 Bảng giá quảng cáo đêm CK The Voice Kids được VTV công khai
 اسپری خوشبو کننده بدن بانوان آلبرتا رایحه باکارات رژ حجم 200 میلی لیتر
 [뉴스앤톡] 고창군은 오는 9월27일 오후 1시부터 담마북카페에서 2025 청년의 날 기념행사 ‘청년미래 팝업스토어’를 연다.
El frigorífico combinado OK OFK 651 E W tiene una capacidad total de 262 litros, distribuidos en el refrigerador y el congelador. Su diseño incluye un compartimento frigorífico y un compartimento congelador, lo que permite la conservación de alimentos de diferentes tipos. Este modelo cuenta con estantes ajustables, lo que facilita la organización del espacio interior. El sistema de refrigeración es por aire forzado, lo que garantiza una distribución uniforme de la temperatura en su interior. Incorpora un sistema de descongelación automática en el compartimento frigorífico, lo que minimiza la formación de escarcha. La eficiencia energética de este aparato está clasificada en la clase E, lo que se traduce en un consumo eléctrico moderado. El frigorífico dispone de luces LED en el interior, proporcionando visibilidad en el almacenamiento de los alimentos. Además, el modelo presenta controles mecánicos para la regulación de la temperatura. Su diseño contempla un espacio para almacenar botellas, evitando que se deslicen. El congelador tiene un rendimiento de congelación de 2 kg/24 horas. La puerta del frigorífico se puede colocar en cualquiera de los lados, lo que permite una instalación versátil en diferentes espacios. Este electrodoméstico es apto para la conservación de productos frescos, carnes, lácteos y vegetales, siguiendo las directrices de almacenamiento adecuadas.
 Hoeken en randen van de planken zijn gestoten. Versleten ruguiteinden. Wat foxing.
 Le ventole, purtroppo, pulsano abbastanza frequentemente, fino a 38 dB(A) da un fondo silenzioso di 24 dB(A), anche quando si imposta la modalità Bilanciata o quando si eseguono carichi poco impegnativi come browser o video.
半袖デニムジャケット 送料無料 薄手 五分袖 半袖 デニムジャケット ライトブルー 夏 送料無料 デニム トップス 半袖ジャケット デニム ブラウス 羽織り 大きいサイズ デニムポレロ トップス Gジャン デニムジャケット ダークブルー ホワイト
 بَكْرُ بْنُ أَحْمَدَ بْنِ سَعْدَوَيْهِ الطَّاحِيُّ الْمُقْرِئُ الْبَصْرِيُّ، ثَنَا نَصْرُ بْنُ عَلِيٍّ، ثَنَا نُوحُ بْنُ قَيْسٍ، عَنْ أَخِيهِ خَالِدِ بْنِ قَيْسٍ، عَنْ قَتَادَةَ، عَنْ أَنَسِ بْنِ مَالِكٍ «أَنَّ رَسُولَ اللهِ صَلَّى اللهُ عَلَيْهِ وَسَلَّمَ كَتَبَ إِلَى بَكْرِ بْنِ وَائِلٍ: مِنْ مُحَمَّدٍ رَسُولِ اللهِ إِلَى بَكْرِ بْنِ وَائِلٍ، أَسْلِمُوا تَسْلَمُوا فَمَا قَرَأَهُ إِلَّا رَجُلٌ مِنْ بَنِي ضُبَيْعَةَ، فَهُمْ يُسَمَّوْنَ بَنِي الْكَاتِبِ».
---
*Goal of the exercise*:
Retype each line of the material above exactly.

*Written reply*:
 Bảng giá quảng cáo đêm CK The Voice Kids được VTV công khai
 اسپری خوشبو کننده بدن بانوان آلبرتا رایحه باکارات رژ حجم 200 میلی لیتر
 [뉴스앤톡] 고창군은 오는 9월27일 오후 1시부터 담마북카페에서 2025 청년의 날 기념행사 ‘청년미래 팝업스토어’를 연다.
El frigorífico combinado OK OFK 651 E W tiene una capacidad total de 262 litros, distribuidos en el refrigerador y el congelador. Su diseño incluye un compartimento frigorífico y un compartimento congelador, lo que permite la conservación de alimentos de diferentes tipos. Este modelo cuenta con estantes ajustables, lo que facilita la organización del espacio interior. El sistema de refrigeración es por aire forzado, lo que garantiza una distribución uniforme de la temperatura en su interior. Incorpora un sistema de descongelación automática en el compartimento frigorífico, lo que minimiza la formación de escarcha. La eficiencia energética de este aparato está clasificada en la clase E, lo que se traduce en un consumo eléctrico moderado. El frigorífico dispone de luces LED en el interior, proporcionando visibilidad en el almacenamiento de los alimentos. Además, el modelo presenta controles mecánicos para la regulación de la temperatura. Su diseño contempla un espacio para almacenar botellas, evitando que se deslicen. El congelador tiene un rendimiento de congelación de 2 kg/24 horas. La puerta del frigorífico se puede colocar en cualquiera de los lados, lo que permite una instalación versátil en diferentes espacios. Este electrodoméstico es apto para la conservación de productos frescos, carnes, lácteos y vegetales, siguiendo las directrices de almacenamiento adecuadas.
 Hoeken en randen van de planken zijn gestoten. Versleten ruguiteinden. Wat foxing.
 Le ventole, purtroppo, pulsano abbastanza frequentemente, fino a 38 dB(A) da un fondo silenzioso di 24 dB(A), anche quando si imposta la modalità Bilanciata o quando si eseguono carichi poco impegnativi come browser o video.
半袖デニムジャケット 送料無料 薄手 五分袖 半袖 デニムジャケット ライトブルー 夏 送料無料 デニム トップス 半袖ジャケット デニム ブラウス 羽織り 大きいサイズ デニムポレロ トップス Gジャン デニムジャケット ダークブルー ホワイト
 بَكْرُ بْنُ أَحْمَدَ بْنِ سَعْدَوَيْهِ الطَّاحِيُّ الْمُقْرِئُ الْبَصْرِيُّ، ثَنَا نَصْرُ بْنُ عَلِيٍّ، ثَنَا نُوحُ بْنُ قَيْسٍ، عَنْ أَخِيهِ خَالِدِ بْنِ قَيْسٍ، عَنْ قَتَادَةَ، عَنْ أَنَسِ بْنِ مَالِكٍ «أَنَّ رَسُولَ اللهِ صَلَّى اللهُ عَلَيْهِ وَسَلَّمَ كَتَبَ إِلَى بَكْرِ بْنِ وَائِلٍ: مِنْ مُحَمَّدٍ رَسُولِ اللهِ إِلَى بَكْرِ بْنِ وَائِلٍ، أَسْلِمُوا تَسْلَمُوا فَمَا قَرَأَهُ إِلَّا رَجُلٌ مِنْ بَنِي ضُبَيْعَةَ، فَهُمْ يُسَمَّوْنَ بَنِي الْكَاتِبِ».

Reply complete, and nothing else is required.